== Records for the exercise ==
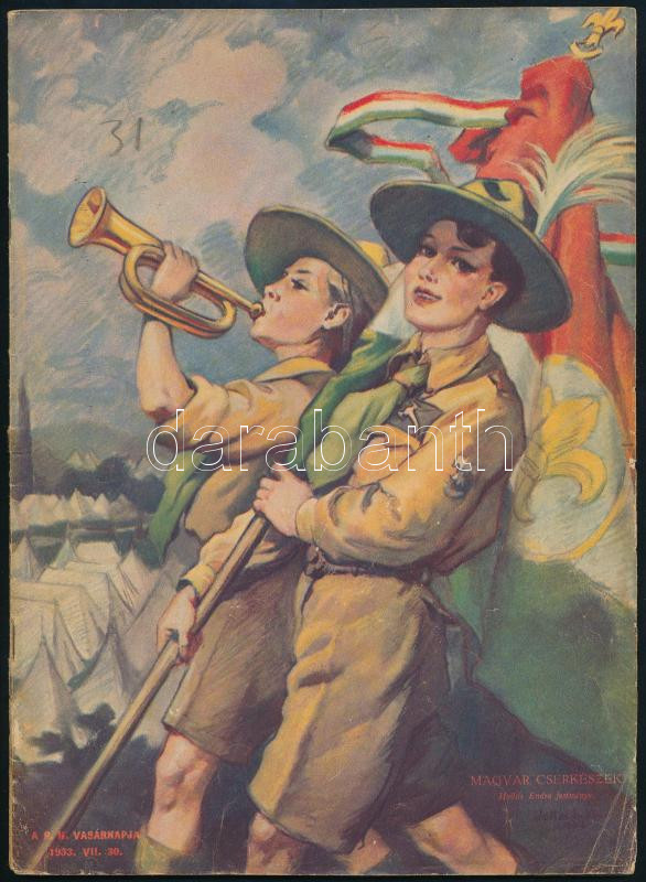 1933 A Pesti Hírlap Vasárnapja 1933. júl. 30-i száma (cserkész szám), benne gróf Teleki Pál a gödöllői jamboree-val kapcsolatos írásával és egyéb tematikus képekkel, írásokkal, kissé sérült címlappal, 52 p.
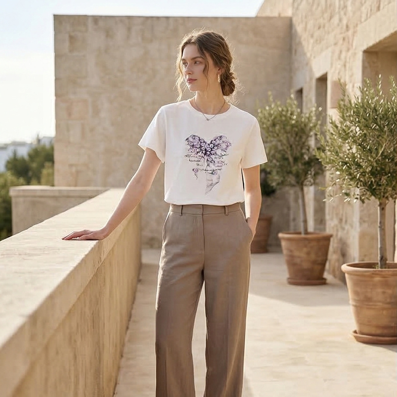 PALUOPO/PL基础百搭圆领日常简约含桑蚕丝短袖上衣女式T恤ES2F1202Z
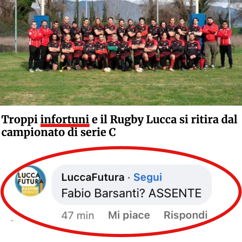 "Abbiamo scoperto che per il centrosinistra l'assessore allo sport avrebbe, tra i suoi compiti, anche quello di non far infortunare i giocatori delle squadre lucchesi. Una posizione imbarazzante ma emblematica della poca credibilità dell'opposizione". Difendere Lucca si riferisce al commento social fatto da "Lucca Futura", gruppo consiliare del centrosinistra, sul ritiro dal campionato da parte del Rugby Lucca. "Nel comunicato della società sportiva si motiva la rinuncia ai campionati con i troppi infortuni occorsi ai proprio giocatori, che renderebbero impossibile il prosieguo della stagione. La lista di centrosinistra commenta il fatto imputando la colpa all'assessore Fabio Barsanti, che sarebbe "assente"".
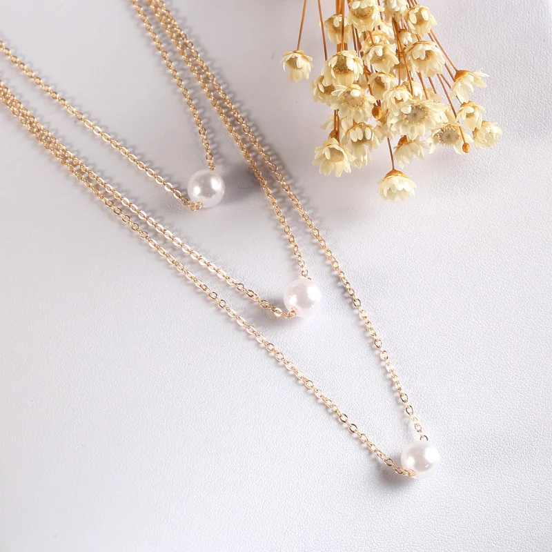 Женская цепочка с бусинами, классическое ожерелье из искусственного...
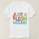 Esta design de camiseta apresenta a frase "Apenas uma ferida de carne" em uma fonte espalhada e multicolorida. O brincalhão e as cores vibrantes evocam um senso de humor, referindo a linha clássica de Monty Python e do Santo Graal enquanto mantem o design iluminado e divertido.
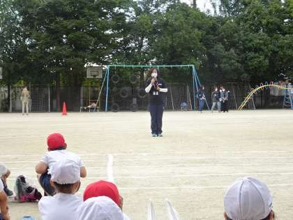 次は宇多野名物ドラえもん体操をするために,2年生が位置を示してくれました。
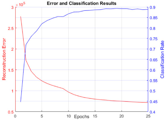 Reconstruction error and classification rate over 25 training epochs using 6000 MNIST images for training and 6000 for testing. Reconstruction error decreases as classification rate rises, confirming that the RBM learns the MNIST data distribution.
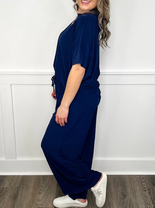 Dear Scarlett Backseat Driving High-Rise Lightweight Wide Leg Blue Set
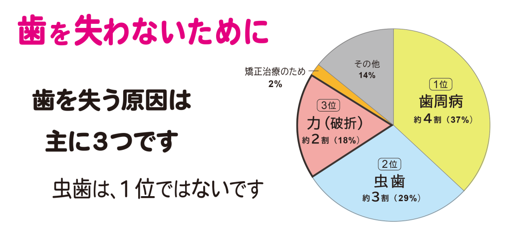 歯根破折とは、歯の根の部分に亀裂や破損が生じる状態で、文字通り歯が破損するということです。原因の一つとして過度な「噛み締め」が挙げられます。噛み締めで歯が割れるというと驚かれるかもしれませんが、実は歯がなくなる原因はおおよそ次の3つのパターンになります。
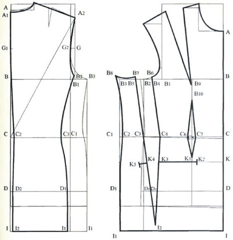 Построение спинки Строим прямой угол из точки А. АВ = высота проймы сзади (Впрз ) + прибавка. (Пример: 23 см + 2 см = 25 см.) АС = длина спины до талии (Дет) + прибавка. (Пример: 42 см + 2 см = 44 см.) CD = высота линии бедер (Вб). (Пример: 18 см. Подробнее...

== Exercise ==
Would you print the whole listing exactly, omitting the pictures?

== Task solution ==
 1933 A Pesti Hírlap Vasárnapja 1933. júl. 30-i száma (cserkész szám), benne gróf Teleki Pál a gödöllői jamboree-val kapcsolatos írásával és egyéb tematikus képekkel, írásokkal, kissé sérült címlappal, 52 p.
 PALUOPO/PL基础百搭圆领日常简约含桑蚕丝短袖上衣女式T恤ES2F1202Z
 "Abbiamo scoperto che per il centrosinistra l'assessore allo sport avrebbe, tra i suoi compiti, anche quello di non far infortunare i giocatori delle squadre lucchesi. Una posizione imbarazzante ma emblematica della poca credibilità dell'opposizione". Difendere Lucca si riferisce al commento social fatto da "Lucca Futura", gruppo consiliare del centrosinistra, sul ritiro dal campionato da parte del Rugby Lucca. "Nel comunicato della società sportiva si motiva la rinuncia ai campionati con i troppi infortuni occorsi ai proprio giocatori, che renderebbero impossibile il prosieguo della stagione. La lista di centrosinistra commenta il fatto imputando la colpa all'assessore Fabio Barsanti, che sarebbe "assente"".
 Женская цепочка с бусинами, классическое ожерелье из искусственного...
 Esta design de camiseta apresenta a frase "Apenas uma ferida de carne" em uma fonte espalhada e multicolorida. O brincalhão e as cores vibrantes evocam um senso de humor, referindo a linha clássica de Monty Python e do Santo Graal enquanto mantem o design iluminado e divertido.
 次は宇多野名物ドラえもん体操をするために,2年生が位置を示してくれました。
 Reconstruction error and classification rate over 25 training epochs using 6000 MNIST images for training and 6000 for testing. Reconstruction error decreases as classification rate rises, confirming that the RBM learns the MNIST data distribution.
 Dear Scarlett Backseat Driving High-Rise Lightweight Wide Leg Blue Set
 歯根破折とは、歯の根の部分に亀裂や破損が生じる状態で、文字通り歯が破損するということです。原因の一つとして過度な「噛み締め」が挙げられます。噛み締めで歯が割れるというと驚かれるかもしれませんが、実は歯がなくなる原因はおおよそ次の3つのパターンになります。
 Построение спинки Строим прямой угол из точки А. АВ = высота проймы сзади (Впрз ) + прибавка. (Пример: 23 см + 2 см = 25 см.) АС = длина спины до талии (Дет) + прибавка. (Пример: 42 см + 2 см = 44 см.) CD = высота линии бедер (Вб). (Пример: 18 см. Подробнее...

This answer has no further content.